Advantageous Effects of Invention

According to the present invention, even when the foreign matters are mixed in the moisture obtained by the atmospheric moisture converter, after the foreign matters are removed from the moisture by the filter unit, the water can be taken from the water intake port. Thus, it is possible to easily harvest the moisture, which can be also used as the drinking water or the like, from the atmospheric air.

BRIEF DESCRIPTION OF DRAWINGS

FIG. 1 is a diagram illustrating of a schematic configuration of a moisture-harvesting device according to the present embodiment.

FIG. 2 is a cross-sectional view illustrating a schematic configuration of the moisture-harvesting device according to the present embodiment.

FIGS. 3(a) to 3(c) illustrate an arrangement state of internal components of the moisture-harvesting device according to the present embodiment, and are a left side view, a rear view, and a right side view, respectively.

FIG. 4 is a diagram illustrating a schematic configuration of a filter unit and a water storage tank according to the present embodiment.

DESCRIPTION OF EMBODIMENT

An embodiment of the present invention will be described below with reference to the accompanying drawings.

FIG. 1 is a diagram illustrating of a schematic configuration of a moisture-harvesting device configured to obtain drinking water, FIG. 2 is a cross-sectional view illustrating a schematic configuration of the moisture-harvesting device, and FIGS. 3(a) to 3(c) illustrate an arrangement state of internal components of the moisture-harvesting device, and are a left side view, a rear view, and a right side view, respectively. FIG. 4 is a diagram illustrating a schematic configuration of a filter unit and a water storage tank.

As illustrated in FIG. 1, the moisture-harvesting device includes an atmospheric moisture converter 1 that is configured to take out a moisture content contained in the introduced atmospheric air, a suction pump 2 that is an atmospheric-air introduction unit configured to introduce a large amount of atmospheric air into the atmospheric moisture converter 1, a cooling mechanism 3 that is configured to deliver a refrigerant used to cool the atmospheric air introduced into the atmospheric moisture converter 1, and a filter unit 4 that is configured to remove foreign matters from moisture obtained by the atmospheric moisture converter 1.

The suction pump 2 is provided with a warming unit 2a for temperature rising of the atmospheric air to be introduced into the atmospheric moisture converter 1. The warming unit 2a is equipped with a heater made of a heating wire or the like and thus is controlled such that the atmospheric air becomes a certain temperature or higher, while monitoring a warming state of the atmospheric air with a temperature sensor (not illustrated). In this case, a temperature control is performed by a control unit C. The warming allows the atmospheric air to be heated to 20 to 50° C. and preferably to 40 to 50° C., for example, when the temperature of the atmospheric air is near 0° C. at a cold period such as winter, so that a saturated moisture content (amount of saturated water vapor) in the atmospheric air can be increased and the moisture can be efficiently harvested from the atmospheric air regardless of the season. Accordingly, even in a cold region, it is possible to efficiently use the moisture-harvesting device according to the present embodiment by providing the warming unit 2a. Moreover, since the introduced atmospheric air is in a warming state, moisture-harvesting efficiency is very high compared to the conventional moisture-harvesting device. The configuration of the warming unit 2a may be similar to that of an infrared radiation heater.

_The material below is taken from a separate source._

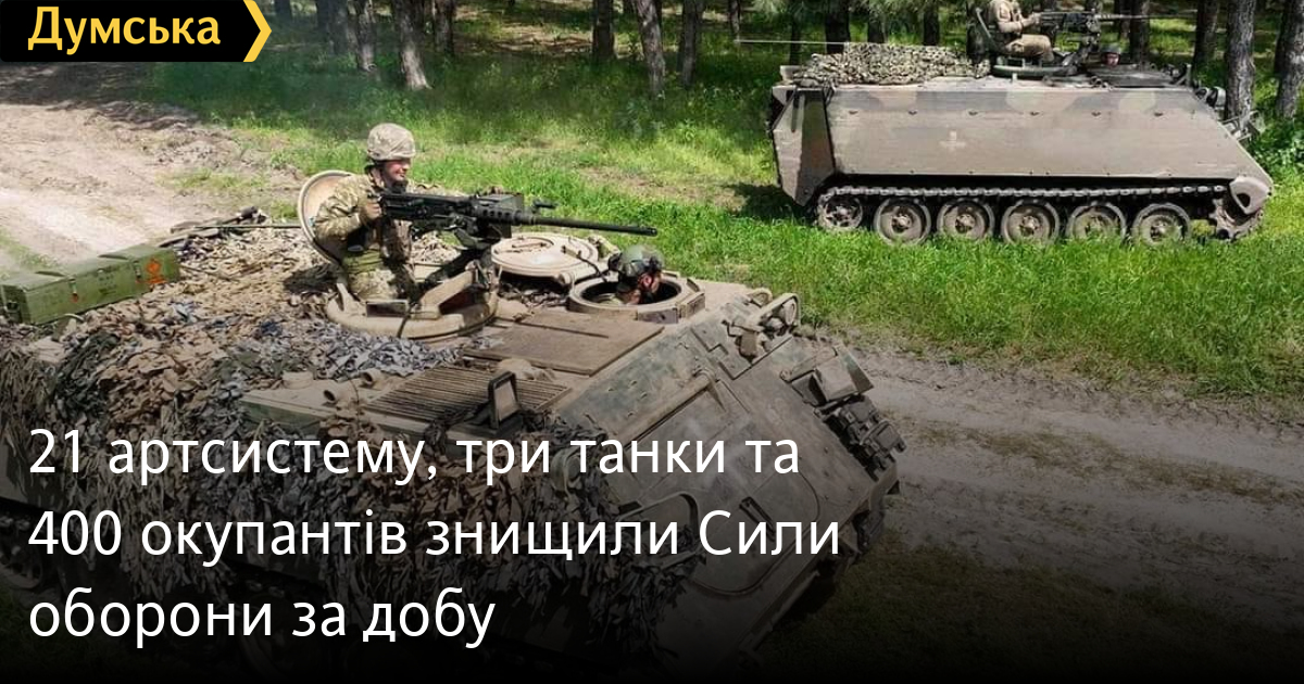 За даними Генштабу Збройних сил України, також учора наші військові спалили 21 артилерійську систему (3339 за весь час) і п'ять реактивних систем залпового вогню противника (570).

In addition, the warming unit 2a is provided in the suction pump 2, but the warming unit 2a is preferably arranged in front of the atmospheric moisture converter 1 when the atmospheric-air introduction unit 2 is constituted by a fan 20 and the fan 20 is arranged behind the atmospheric moisture converter 1 as illustrated in FIGS. 2 and 3(c).

In order to mitigate the adverse effect to be caused when a large amount of atmospheric air sucked by the suction pump 2 are fed at a time, as illustrated in FIG. 1, the sucked atmospheric air is fed to an air volume controller 5 which is configured to branch the sucked atmospheric air into 2 to 4 parts, the atmospheric air is branched as a plurality of atmospheric flows and is somewhat rectified in the air volume controller 5, and then the atmospheric air having a smaller variation width is fed to a next filter 6. That is, although not illustrated in the drawings, a damper is mounted on the inside of the air volume controller 5 and can be opened and closed to adjust the air volume, and the opening/closing amount of the damper is controlled by instruction of the control unit C to uniformly feed the air volume of each branch pipe to the next filter 6.

Although not necessarily required, the air volume controller 5 is preferably provided to stably feed a large amount of atmospheric air and to increase the moisture-harvesting efficiency. For example, the number of the atmospheric flows branched by the air volume controller 5 and the size of the branch pipe can be appropriately selected.

In addition, as illustrated in FIGS. 1 to 3(c), an air filter 7 is provided at an upstream side from the atmospheric-air introduction unit (suction pump, fan, or the like) 1 in an introduction port 16a configured to introduce the atmospheric air into a casing K of the moisture-harvesting device.

The air filter 7 can remove foreign matters such as bacteria, viruses, and dust from the atmospheric air which are introduced by the atmospheric-air introduction unit 2.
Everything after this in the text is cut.